Price elasticity of supply is influenced by various factors including: 

1. Time scale: This is the period that a firm is required to adjust its production input in response to price changes

In the short run, firms have fixed input which cannot be easily changed. Hence, supply is less elastic.

In the long run, however, when all inputs are variable, firms may quickly adapt to price changes, resulting in a more elastic supply.

In short, supply tends to be less elastic In the short run than in the long run. 

2. Barriers to entry: These are technological and legal factors that can prevent a firm from entering a market.

If there are no barriers to entry into a market, supply will be more elastic because a price increase would cause more firms to enter the market, which will increase market output.

Conversely, if there are high barriers to entry, supply will be more inelastic because no new firm can enter the market.

The result is that quantity supplied will rise relatively smaller to changes in price.

3. Nature of the goods: This is another major determinant of price elasticity of supply.

Durable goods tend to have an elastic supply because they can be stored if the price falls.

Perishable goods, on the other hand, are goods that cannot be stored because they are perishable.

Perishable goods have an inelastic supply because they cannot be stored should the first price falls.

4. Ability to price discriminate: Price discrimination occurs when the same goods and services are sold to different people at different prices.

If a firm produces goods that can be sold in different markets and at different prices, then supply will be elastic because the firm can move to another market should the price fall.

Conversely, if a firm sells goods that cannot be sold at different prices and in different markets, then supply will be inelastic, as the form cannot move to another when the price falls.

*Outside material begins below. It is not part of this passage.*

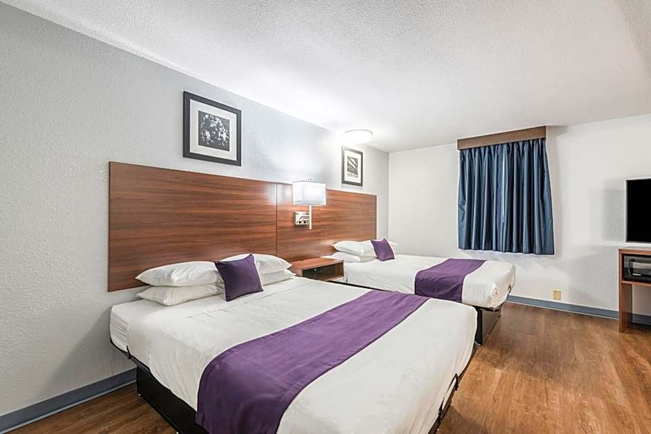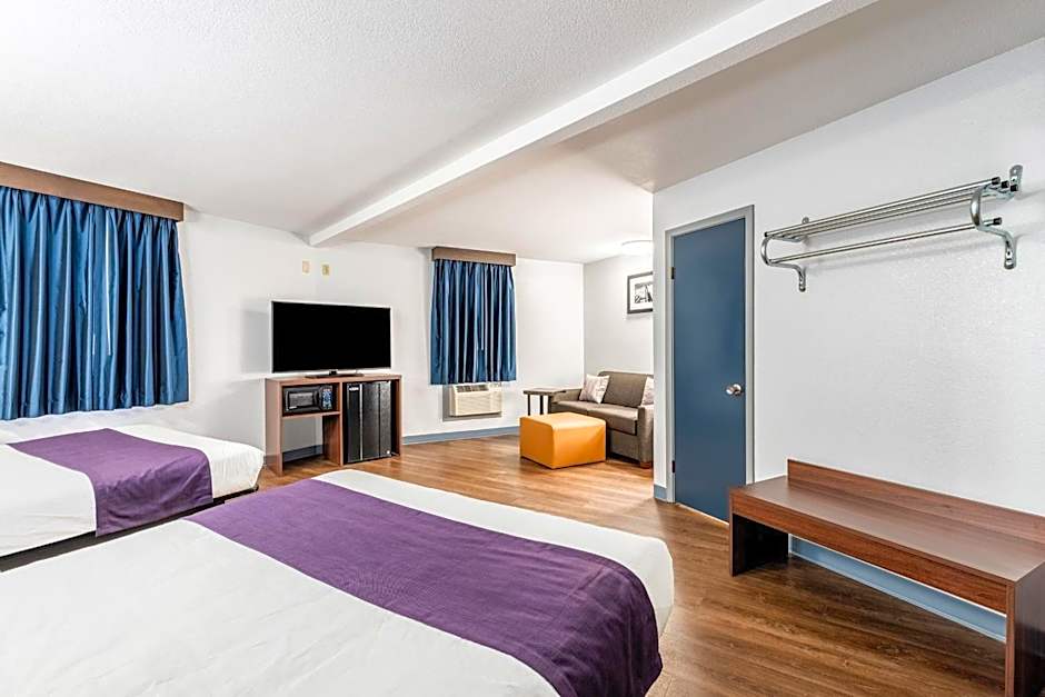 A cable TV, a microwave, and a compact refrigerator are offered in this room.

5. Mobility of factors of production: If factors inputs are mobile, the price elasticity of supply tends to be elastic.

This is because firms will easily transfer the factor inputs to the production of other substitutes should the price of the goods falls.

By the same reasoning, supply will be elastic if factors inputs are immobile.


To conclude, the determinants of price elasticity of supply are time scale, barriers to entry, nature of goods, ability to price discriminate and mobility of factors of production.